__Stored data__:

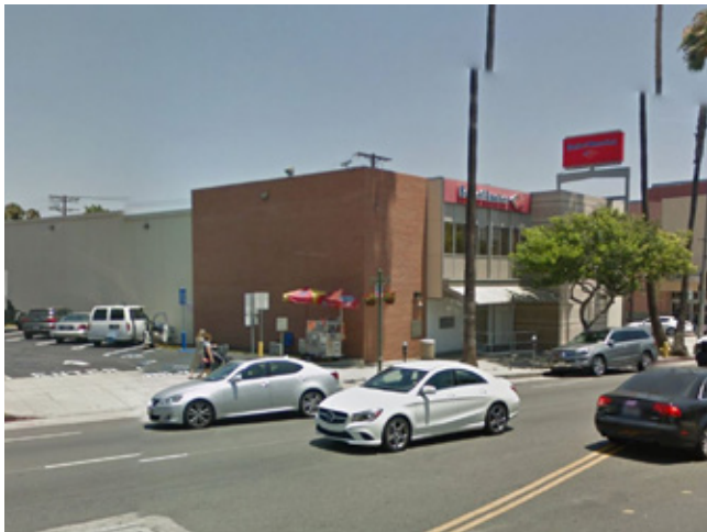
美國銀行 加州 | 237万
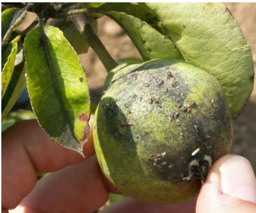
SLIKA 3. ŠTETE OD OBIČNE KRUŠKINE BUVE NA PLODU
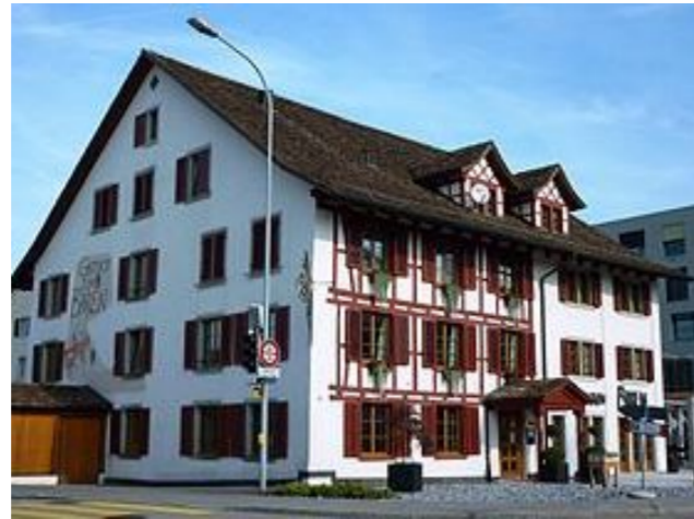
Spaziergang von Bassersdorf nach
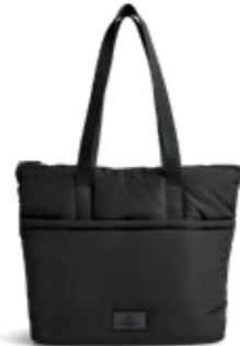
PERRY SHOPPER VEIL. UTSALGSPRIS 1.199,-
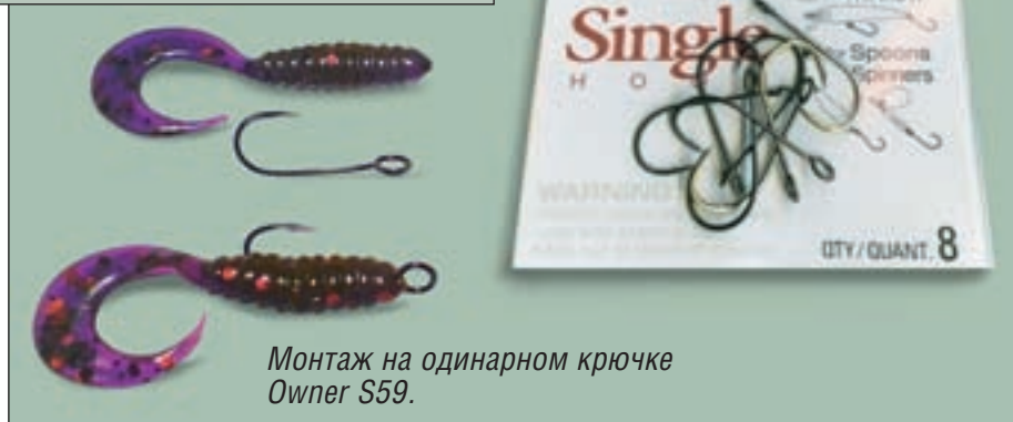
Монтаж на одинарном крючке Owner S59.

ло раз в пять больше. Разница была только во флуорокарбоне, которого у меня с собой не оказалось. На следующий день я поставил флуорокарбонный поводок и дело пошло заметно веселее. С тех пор при ловле окуня микроджигом я всегда ставлю поводок длиной 40-60 см из флуорокарбона Sunline Rockbite диаметром 0,165 мм. При ловле щуки периодически использую поводок такой же длины, но из толстого флуорокарбона (Toray 0,41 мм); это увеличивает время падения приманки на паузе, что в некоторых ситуациях бывает полезно. Кстати, в тихую погоду в руку на паузе отчетливо передается нечто вроде жужжания или звона – вы чувствуете, как толстый флуорокарбон разрезает воду. Таким образом можно контролировать проводку приманки любой массы, смотря при этом по сторонам или вообще закрыв глаза. Несколько слов о катушках . От катушки в микроджиге требуются лишь безупречная укладка максимально тонкого и
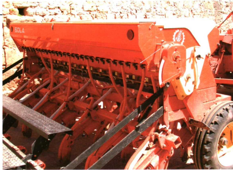
Foto 2. Abonadora de microgránulos sobre máquina de siembra directa.

Para calcular los kilos extraídos de la tolva, en campo, y de forma aproximada, se puede apoyar en el volumen de abono que ha descendido de la tolva y calcular los kilos por tener marcas de referencia en la tolva o por tener la referencia de lo que ocupan en la tolva, en su caso, el contenido de los sacos de abo-
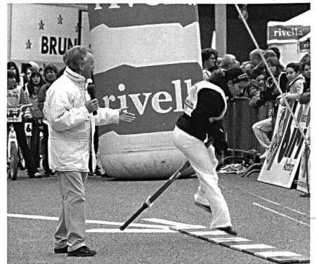
Schüler-Olymiade zwischen den beiden Tunnels . . .
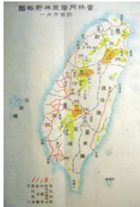
▲「營林所指定林野略圖」。

靠臆測，要了解陌生的臺灣山林林野，必然需要依靠近代林學學術與林業政策的介入。因此，基於殖產經營上事先調查的必要，1896 年 11 月即制訂《森林調查內規》，據之調查臺灣森林概況，以建立林業的基礎。
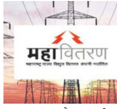
लाभ झाला आहे. राज्यातील उच्चदाब व लघुदाब अशा ११,०९७ वाणिज्यिक ग्राहकांना एकूण २२३५ कोटी रुपयांचा लाभ झाला आहे. घरगुती ग्राहकांना टीओडीचा लाभ मिळण्यास सुरुवात झाल्यापासून त्यांना १,०९६ दशलक्ष युनिट इतक्या विजेसाठी ८९ कोटी रुपयांचा

लाभ झाला आहे. राज्यातील सौरऊर्जेसारख्या नवीकरणीय उर्जेची उपलब्धता वाढली आहे. ही वीज स्वस्त मिळत असल्याने महावितरणने महाराष्ट्र विद्युत नियामक आयोगाच्या आदेशानुसार दिवसाच्या वीजवापरासाठी सवलत लागू केली आहे. वीज ग्राहकांनी अधिक विजेची गरज असणारी उपकरणे सकाळी ९ ते सायंकाळी ५ या कालावधीत प्राधान्याने वापरून टीओडी सवलतीचा अधिकाधिक लाभ घ्यावा, असे आवाहन महावितरणतर्फे करण्यात आले आहे.

__Exercise__: Starting at the line that contains "Para calcular los", return every line through the end of the records above exactly as written, and return no pictures.

__Final answer__:
Para calcular los kilos extraídos de la tolva, en campo, y de forma aproximada, se puede apoyar en el volumen de abono que ha descendido de la tolva y calcular los kilos por tener marcas de referencia en la tolva o por tener la referencia de lo que ocupan en la tolva, en su caso, el contenido de los sacos de abo-
Schüler-Olymiade zwischen den beiden Tunnels . . .
▲「營林所指定林野略圖」。

靠臆測，要了解陌生的臺灣山林林野，必然需要依靠近代林學學術與林業政策的介入。因此，基於殖產經營上事先調查的必要，1896 年 11 月即制訂《森林調查內規》，據之調查臺灣森林概況，以建立林業的基礎。
लाभ झाला आहे. राज्यातील उच्चदाब व लघुदाब अशा ११,०९७ वाणिज्यिक ग्राहकांना एकूण २२३५ कोटी रुपयांचा लाभ झाला आहे. घरगुती ग्राहकांना टीओडीचा लाभ मिळण्यास सुरुवात झाल्यापासून त्यांना १,०९६ दशलक्ष युनिट इतक्या विजेसाठी ८९ कोटी रुपयांचा

लाभ झाला आहे. राज्यातील सौरऊर्जेसारख्या नवीकरणीय उर्जेची उपलब्धता वाढली आहे. ही वीज स्वस्त मिळत असल्याने महावितरणने महाराष्ट्र विद्युत नियामक आयोगाच्या आदेशानुसार दिवसाच्या वीजवापरासाठी सवलत लागू केली आहे. वीज ग्राहकांनी अधिक विजेची गरज असणारी उपकरणे सकाळी ९ ते सायंकाळी ५ या कालावधीत प्राधान्याने वापरून टीओडी सवलतीचा अधिकाधिक लाभ घ्यावा, असे आवाहन महावितरणतर्फे करण्यात आले आहे.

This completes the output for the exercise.